1. Harmonizing PMOs that strive to reduce conflict and improve harmony among project team members.
Your job responsibility is to align components (projects, programs, or operations) to the organizational strategy, organized into portfolios or sub-portfolios to optimize project or program objectives, dependencies, costs, timelines, benefits, resources, and risks. This is known as: 1. Portfolio management. 2. Components management 3. Process management 4. Program management.
1. Portfolio management.
Project success is measured by: 1. Product and project quality, timeliness, budget compliance, and degree of customer satisfaction. 2. Degree to which the project satisfies its time and budget objectives. 3. The triple constraints of schedule, cost, and technical performance. 4. Degree to which the project satisfies the needs for which it was undertaken and its long-term contribution to aggregate performance of the organization's portfolio
1. Product and project quality, timeliness, budget compliance, and degree of customer satisfaction.
Managing a project typically includes: 1. Integrating requirements of profitability, low cost, and legal responsibility. 2. Balancing the competing project constraints, which include scope, quality, schedule, budget, resources, and risks. 3. Implementation of software, hardware, and other systems to enhance organizational efficiency. 4. Supporting human factors, communications, discipline, and performance management.

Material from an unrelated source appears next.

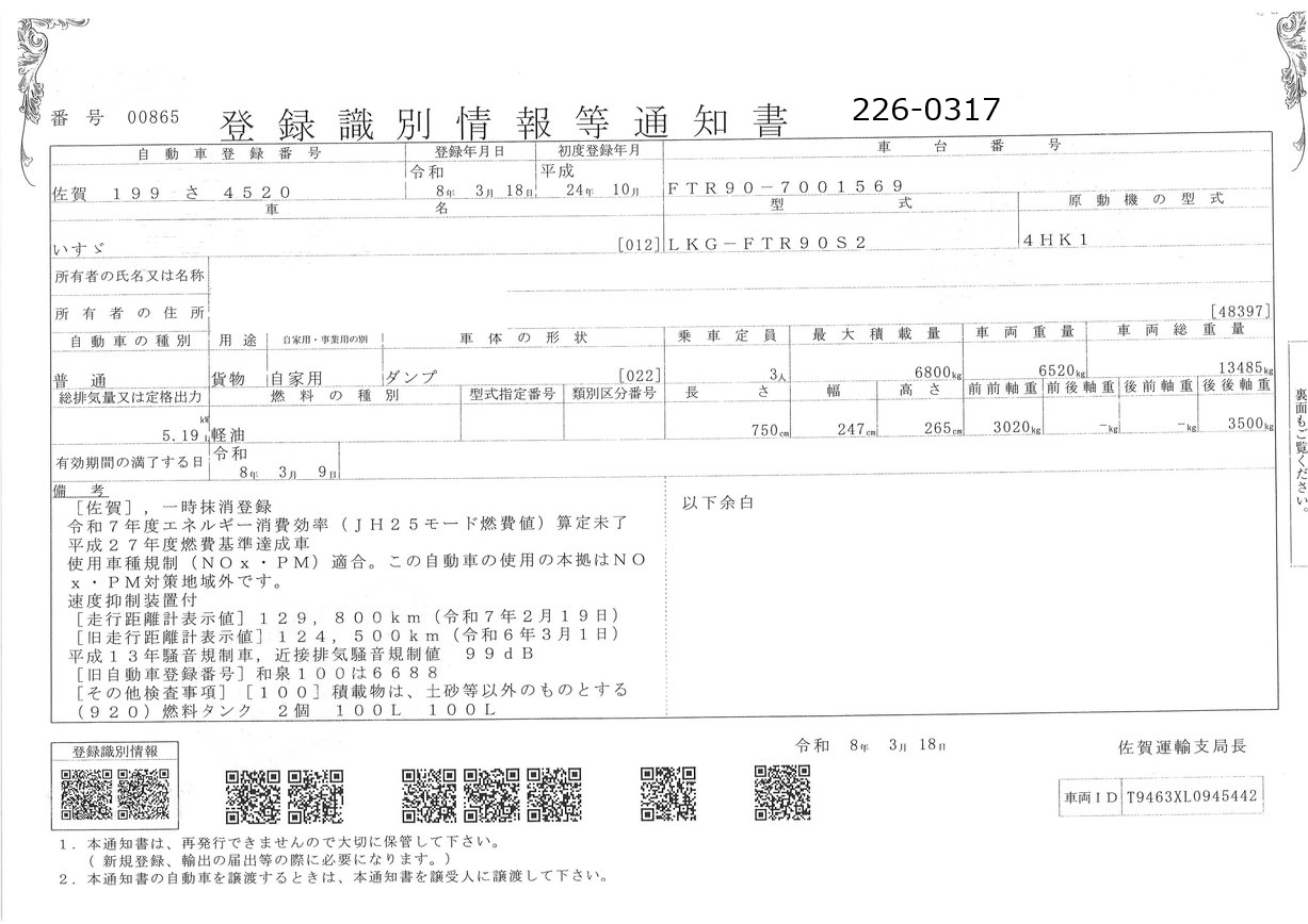 お問い合わせ番号:226-0317R| クラス(車両) | 大型 | メーカー | いすゞ |

2. Balancing the competing project constraints, which include scope, quality, schedule, budget, resources, and risks.
In addition to any area-specific skills and general management proficiencies required for the project, effective project management requires that the project manager possess all of the following competencies EXCEPT: 1. Knowledge, which refers to what the project manager knows about project management. 2. Manipulation, which refers to how the project manager motivates the project team to work hard on the project while working them out of a job. 3. Performance, which refers to what the project manager is able to do or accomplish while applying his or her project management knowledge. 4. Personal, which refers to how the project manager behaves when performing the project or related activity.

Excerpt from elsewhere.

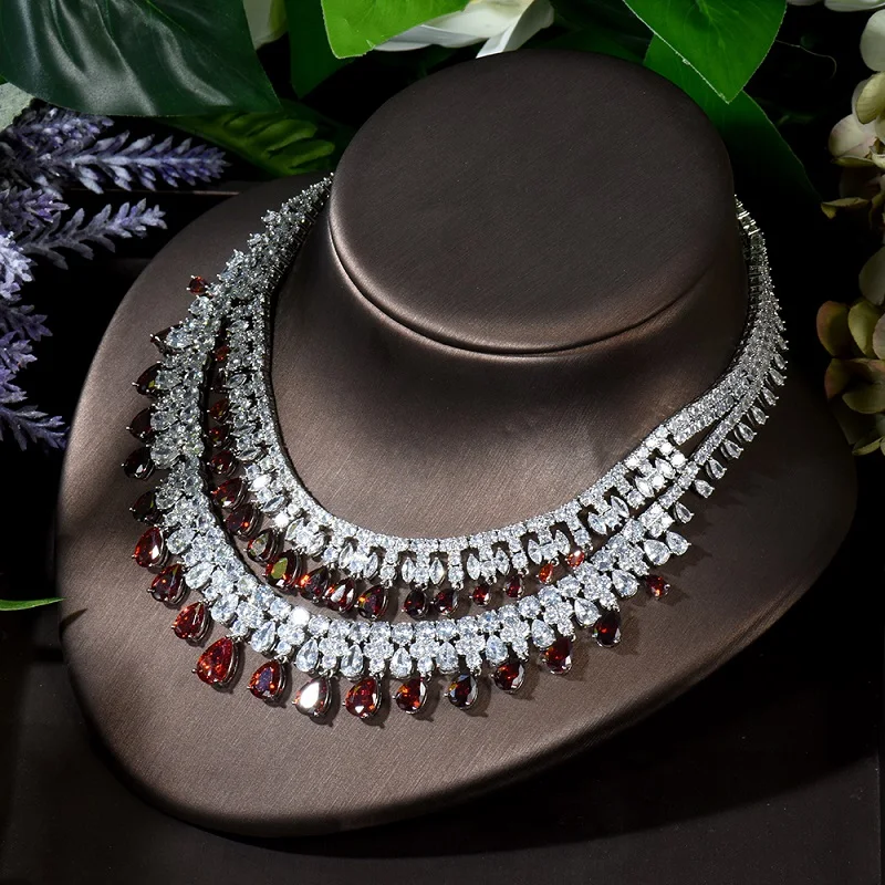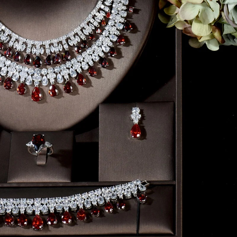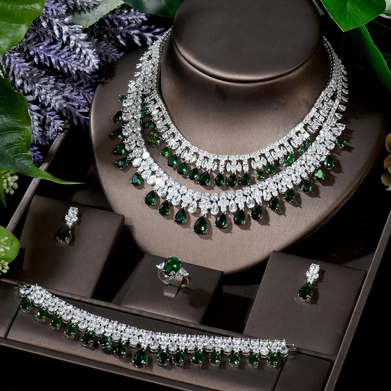 HIBRIDE خمر الزفاف حزب مجوهرات مجموعة قطرة الماء الزركون قلادة القرط سوار وخاتم مجموعة للنساء الزفاف هدية N-866

2. Manipulation, which refers to how the project manager motivates the project team to work hard on the project while working them out of a job.
A primary function of a project management office (PMO) is to support project managers in a variety of ways which may include all of the following EXCEPT: 1. Managing shared resources across all projects administered by the PMO 2. Identifying and developing project management methodology, best practices, and standards 3. Delivering specific project objectives and controlling the assigned project resources to best meet objectives of the project. 4. Coaching, mentoring, training, and oversight.
3. Delivering specific project objectives and controlling the assigned project resources to best meet objectives of the project.
A program is a: 1. Group of related tasks lasting one year or less. 2. Project with a cost over $1 million. 3. Group of related projects, subprograms, and program activities managed in a coordinated way. 4. Sequence of steps constituting a project.
3. Group of related projects, subprograms, and program activities managed in a coordinated way.
The PMBOK® Guide is the standard for: A. Managing all projects all of the time across all industries. B. Managing all projects all of the time across some types of industries. C. Managing most projects most of the time across many types of industries. D. Managing some projects some of the time across some types of industries.
C Managing most projects most of the time across many types of industries.